DESCRIPTION OF THE TASK
Exact copy, pictures excluded: print the lines from the one with "Mha Order Dt" through the final line of the records.

THE RECORDS
........

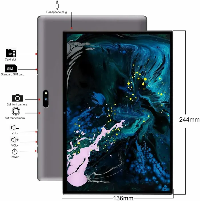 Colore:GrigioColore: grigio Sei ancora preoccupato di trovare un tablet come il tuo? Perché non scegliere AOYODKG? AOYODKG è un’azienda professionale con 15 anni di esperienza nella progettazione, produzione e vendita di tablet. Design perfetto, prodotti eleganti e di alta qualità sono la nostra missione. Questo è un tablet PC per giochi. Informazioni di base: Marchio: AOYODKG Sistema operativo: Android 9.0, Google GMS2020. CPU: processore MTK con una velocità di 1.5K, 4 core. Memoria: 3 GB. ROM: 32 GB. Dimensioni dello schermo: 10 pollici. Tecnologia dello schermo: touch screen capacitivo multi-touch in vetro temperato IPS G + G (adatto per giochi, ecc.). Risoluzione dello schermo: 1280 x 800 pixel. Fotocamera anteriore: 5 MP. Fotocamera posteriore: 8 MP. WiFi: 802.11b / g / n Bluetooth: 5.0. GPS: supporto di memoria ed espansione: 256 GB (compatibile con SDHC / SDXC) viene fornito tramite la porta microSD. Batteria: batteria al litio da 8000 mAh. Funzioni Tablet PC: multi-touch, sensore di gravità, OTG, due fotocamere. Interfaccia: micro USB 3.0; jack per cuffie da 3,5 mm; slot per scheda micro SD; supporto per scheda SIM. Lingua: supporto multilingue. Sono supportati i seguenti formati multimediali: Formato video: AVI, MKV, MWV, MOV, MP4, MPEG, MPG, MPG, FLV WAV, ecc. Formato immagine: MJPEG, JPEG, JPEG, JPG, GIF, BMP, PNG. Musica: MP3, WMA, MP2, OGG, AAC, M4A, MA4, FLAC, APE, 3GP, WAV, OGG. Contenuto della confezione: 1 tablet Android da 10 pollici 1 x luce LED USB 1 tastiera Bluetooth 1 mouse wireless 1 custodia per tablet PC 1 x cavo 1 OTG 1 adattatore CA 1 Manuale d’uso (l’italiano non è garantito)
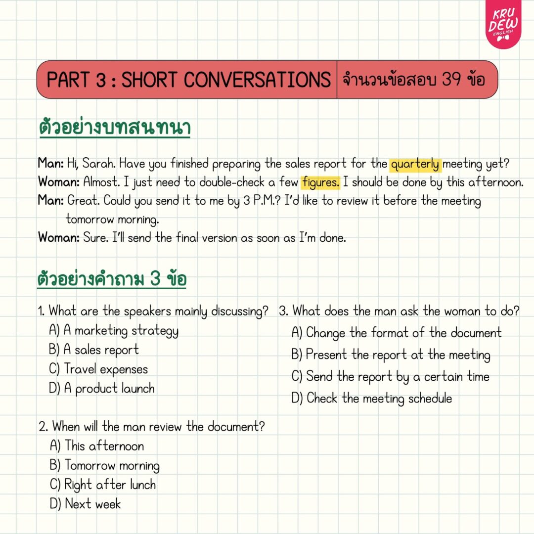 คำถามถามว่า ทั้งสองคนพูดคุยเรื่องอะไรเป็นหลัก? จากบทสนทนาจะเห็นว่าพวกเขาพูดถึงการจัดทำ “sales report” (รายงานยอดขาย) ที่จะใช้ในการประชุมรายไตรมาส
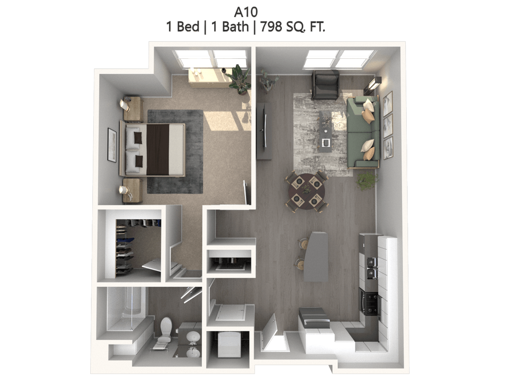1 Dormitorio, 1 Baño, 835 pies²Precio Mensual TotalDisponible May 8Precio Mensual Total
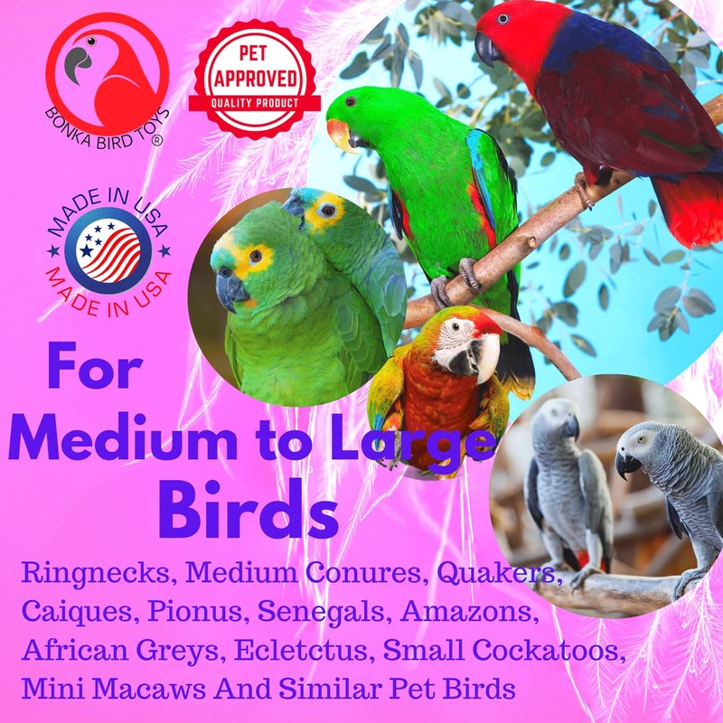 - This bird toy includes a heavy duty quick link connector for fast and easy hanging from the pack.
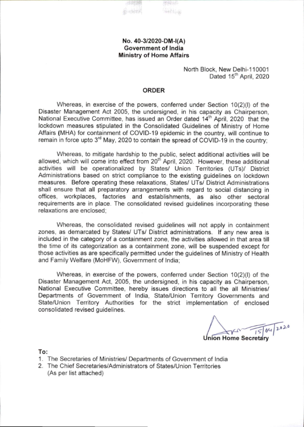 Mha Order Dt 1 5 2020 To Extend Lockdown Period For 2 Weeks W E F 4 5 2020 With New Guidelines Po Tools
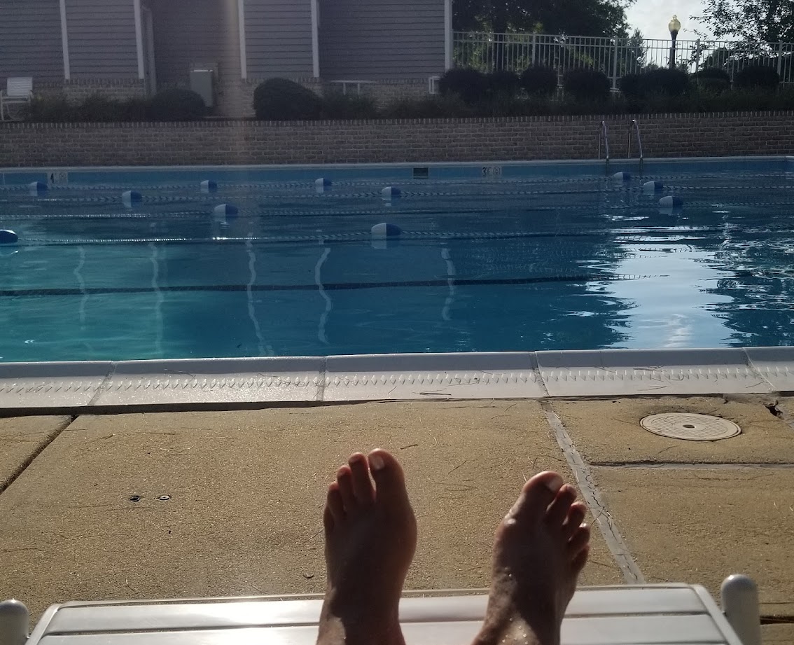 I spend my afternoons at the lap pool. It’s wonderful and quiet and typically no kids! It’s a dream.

........

EXERCISE ANSWER
 Mha Order Dt 1 5 2020 To Extend Lockdown Period For 2 Weeks W E F 4 5 2020 With New Guidelines Po Tools
 I spend my afternoons at the lap pool. It’s wonderful and quiet and typically no kids! It’s a dream.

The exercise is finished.